You know, to get all the sounds I could possibly want out of one amp (that isn't a modeling amp) and two pedals.
 
If you have to stick a pedal (overdrive, booster or distortion) in front of your amp to make it sound the way you want, do you then have the wrong amp or is it simply a matter of expanding on what the amp already does for you?

Just curious, I'm expecting some diversity in the replies ;)

I have a MXR Distortion II, MXR 78 Distortion, a Friedman BE-OD and a MXR Custom Shop Raijin pedal that I use just in the clean channel for different flavors. Otherwise I just use the gain channel of the Bogner for my distortion tones.
 
To clarify. I have no preference when it comes to amp technology, SS, tube or modeling. I own at least one of each. 99% of the time it's a SS amp I use and I always use it for band situations. If I found a tube amp or a modeling amp that suited my needs better, I'd switch.
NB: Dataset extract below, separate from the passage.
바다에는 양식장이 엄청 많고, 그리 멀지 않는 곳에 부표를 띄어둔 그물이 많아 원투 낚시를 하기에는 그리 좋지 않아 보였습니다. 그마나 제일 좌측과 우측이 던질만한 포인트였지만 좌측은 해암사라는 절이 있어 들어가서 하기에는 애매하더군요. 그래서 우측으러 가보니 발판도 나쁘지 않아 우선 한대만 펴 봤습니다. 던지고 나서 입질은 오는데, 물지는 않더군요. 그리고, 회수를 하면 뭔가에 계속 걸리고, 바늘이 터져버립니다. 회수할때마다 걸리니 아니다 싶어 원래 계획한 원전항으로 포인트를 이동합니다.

I've used them all over the last 50 years, my only preference is to have an amp that I can actually use. No valve amp matches the requirements.
 
Playing live: no pedals with electric, chorus and reverb with acoustic. Recording: all sorts of DAW plugin amps, pedals, and effects until I get the sound I'm looking for. Practicing: no pedals, I like to hear my mistakes which can be masked by pedals.
 
I use different amps and cabs on a daily basis.
20210107_104100.jpg
20210107_104142.jpg
The TSL and baby DSL only get pedals if I want delay or chorus. The 2203 and 1987 usually get the HOF reverb. Sometimes I run a RAT into the 1987. Sometimes I run a Soul Food as a clean boost into the 2203.
 
I use pedals to enhance the sound, but I could live without them if I had to. Although, I have a Fender silverface Bassman that has nothing but clean headroom. No overdrive at all, but it sounds amazing. One of the best clean amp sounds I've ever heard.

The thing is, put an overdrive pedal in front of it, and it sounds amazing with overdrive. So it's very versatile in that way. It is the quintessential "clean pedal platform", and the reason I like it is because I can use a good OD pedal to get some pretty superb OD sounds without having to actually crank the amp volume. Though when I do crank it, it sounds even better.
 
As in all things -- variety is the spice of life.
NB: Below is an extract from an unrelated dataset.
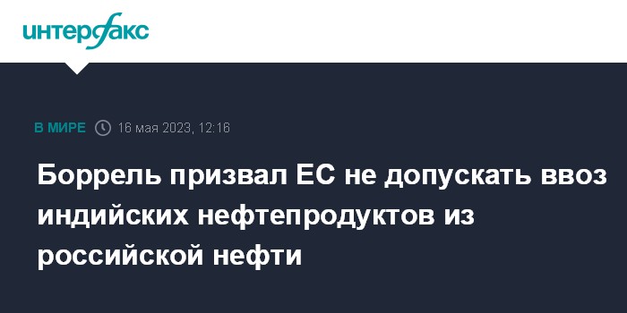 Москва. 16 мая. INTERFAX.RU - Евросоюз должен принять меры против перепродажи Индией российской нефти после ее переработки, в том числе в дизтопливо, на фоне ужесточения санкций против российского энергетического сектора, заявил Financial Times высокий представитель ЕС по иностранным делам Жозеп Боррель.

it is POSSIBLE to have all tube....tube hybrid and SS amps --- all living in harmony (or tortured crap playing HELL) --- only 2 pedals used (on a daily basis)
shown justto the right of the blackstar--- there is a cheap reverb pedal and a HUSH noise reducer pedal..........the reverb only for the Lil Sexy, Marshall Master Lead and the Fender bassbreaker 007 as they dont come with reverb-- the rest have it built in
1610064599454.png

The VOX VT20x has hundreds of models and pedals and online software with many more..........Pandoras Box of TIME SUCK I call it .....its reserved for those cold (55F) drizzle winter days when I just need to distract myself...................
Rest of the time its the Blackstar, Bassbreaker or a Marshalldepednign on my "mood" --- the PEAVEY gets fired up when no one is home 80 watts SS (TBTH I think they UNDER estimate that) it gets STUPID loud !!!!!!!!!!!!!!!
 
I go from my Marshall Origin, set to slight break up, to a T.S. type, then move to the Friedman BE-OD for heavy.
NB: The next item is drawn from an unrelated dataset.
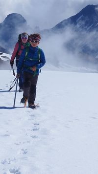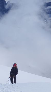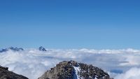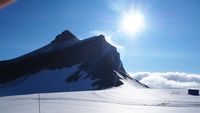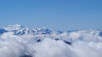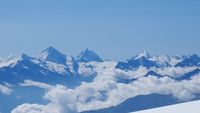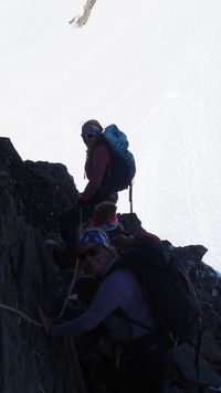 Nach dem Dome erwartete uns die Schlüsselstelle, Abklettern im 2./3. Schwierigkeitsgrad mit Steigeisen. Auch dank der Fixseile war es für alle problemlos zu meistern. Danach ging es auf den Gletscher. Dieser war nicht sehr steil und dank des vielen Schnees waren die spärlich vorhandenen Spalten gut zugedeckt. Somit entschieden wir uns weiterhin nicht am Seil zu gehen, sondern jeder einzeln für sich, was das Gehen deutlich angenehmer macht. Es folgten noch ein kleiner Aufschwung und dann waren wir auf dem Gipfelgrat. Ein wunderschönes Gipfelkreuz markiert die höchste Stelle. Die Sicht auf die Walliser Berge (z.B. Matterhorn), die französischen Alpen (Mont Blanc) und Richtung Berner Oberland war dank der Wolken- und Nebelbänke im Tal mystisch.

Pretty much covers all tones a person would need, love my amps "base" sound, but sometimes you gotta chug.

When using my JTM45, I just crank it up to about 8, maybe my OCD if I need a "singing" type lead. Once again, love my amps natural tone but sometimes more than one or two tones are called for.

In my case I always buy the amp for it's unadulterated tones, but the recipe may call for more. I'd never buy an amp I didn't care for and try to fix it with a pedal, but I will enhance!